How much does it cost to remortgage?

When shopping around for the best remortgage deals you have to consider any arrangement or product fees the lender charges as well as the cost of conveyancing and surveys to complete the transaction if this is something that will be needed. The costs incurred in switching to a new lender when you remortgage may be greater than those you would be required to pay if you simply switched to a new mortgage product with your existing lender, referred to as a product transfer. However, you should weigh up the mortgage deal as well as the initial costs before deciding which is right for you.

Your current lender may charge an exit fee and/or early repayment costs if you switch before the end of a deal, but there is usually nothing to pay if you have come to the end of a fixed-term mortgage deal. If you use a mortgage adviser to arrange your deal, there may also be broker fees. We explain fees in more detail in our article “How much are the fees when buying a house“.

Things to consider when deciding to remortgage?

Your remortgage will give you a new rate and monthly amount to repay each month so you need to ensure you can afford it.

It is best to seek remortgage advice* so that an intermediary can assist you in sourcing the best remortgage deals. You can get started by using our mortgage rate comparison tool that allows you to compare mortgage deals based on your specific needs and details – just remember to set the tool to ‘remortgage' at the top of the page when searching. 

The interest rate is an important factor, but also consider any fees associated with the new mortgage as this will push up the cost. Some lenders may also offer cash incentives and these are detailed alongside the mortgage deal information.

You should also think about the type of product you remortgage to. A fixed rate is likely to be the cheapest but may have high fees and you could end up with more expensive deals when it comes to remortgaging again at the end of the term. A long-term fixed mortgage deal for, say 5 or 10 years gives you longer-term security but there is the risk that rates and pricing fall during that period so you may feel that you are paying too much and lost out on better deals.

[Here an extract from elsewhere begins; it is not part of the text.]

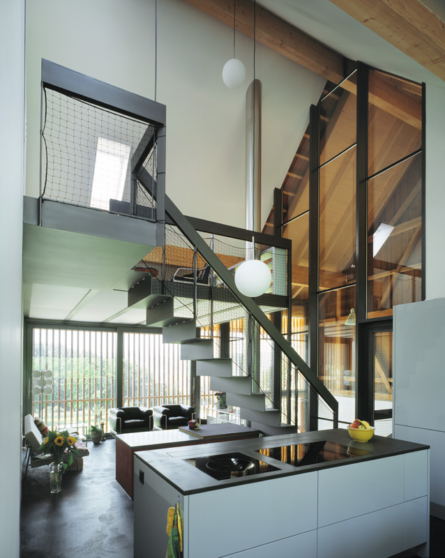 Per illuminare l’ex stalla, sono state inserite 5 finestre per tetti sovrapposte, a creare una striscia di luce, un taglio tra le due parti dell’edificio che illumina il living in tutta la sua altezza.
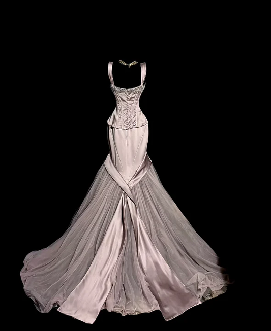 Sweetheart Neck Corset Beaded Satin Tulle Mermaid Train Evening Dresses

The value of your home is important when deciding to remortgage as this will dictate the LTV. You may think your property has soared in value, giving you lots of equity, but lenders will have their own policies on the maximum LTV they will lend. They may value your property differently to you and this could mean taking out a mortgage for longer or making up any shortfall to give the lender more security. The best remortgage rates are usually offered at the lower end of LTVs and you will usually find that a 60% LTV mortgage will get you the best rate.

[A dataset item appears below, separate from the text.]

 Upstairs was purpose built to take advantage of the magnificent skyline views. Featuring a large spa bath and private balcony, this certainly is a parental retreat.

Alternatives to remortgaging?

A remortgage isn’t the only option if you just want to release cash from your property.

It is worth weighing up the costs and benefits of getting a personal loan or remortgage. There is usually a choice of repaying a personal loan over 1, 2 or 5 years, whereas a mortgage is worked out over a longer period, often for up to 30 years or more. This makes paying off a remortgage cheaper based on the monthly payments you will be committed to making, but the process of getting a personal loan is slightly less tricky.

Lenders will typically use your credit report and will ask some questions about your income and expenditure but there may not be the same scrutiny as with a mortgage application.

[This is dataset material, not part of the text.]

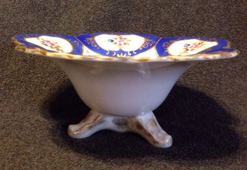 Title (ebay affiliate link): Vintage L&M Inc.Triple Footed Hand Painted Bowl White, blue & gold - NR $0.99
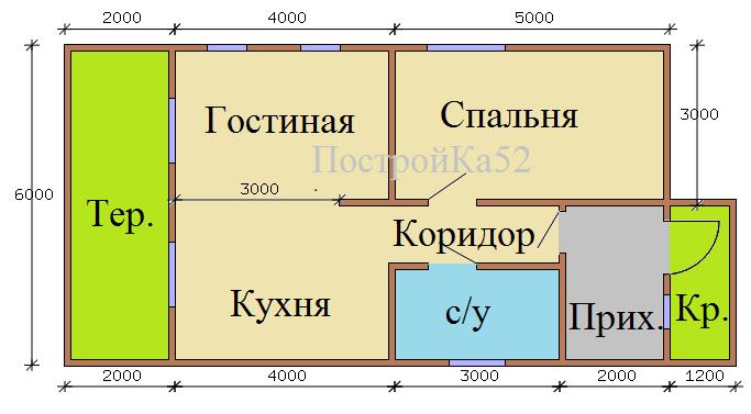 Помещения: терраса, санузел, спальня, кухня, гостиная, прихожая, крыльцо.

The application process for a personal loan can also be faster. Much of it is done online so often decisions can be made online in minutes and you could receive the funds within a few days. In comparison, a mortgage interview can take around 2 hours and then you may have to wait around a month while the lender processes the application through its compliance department and values your property before coming back with an offer.

A personal loan is generally faster as they are for lower amounts and are unsecured so there is no property to value. There are also more options for personal loans as you could get one from a bank or building society or even through a peer-to-peer platform. You may not always be offered the advertised rate on a personal loan though as lenders only have to supply the advertised rate to 51% of applicants.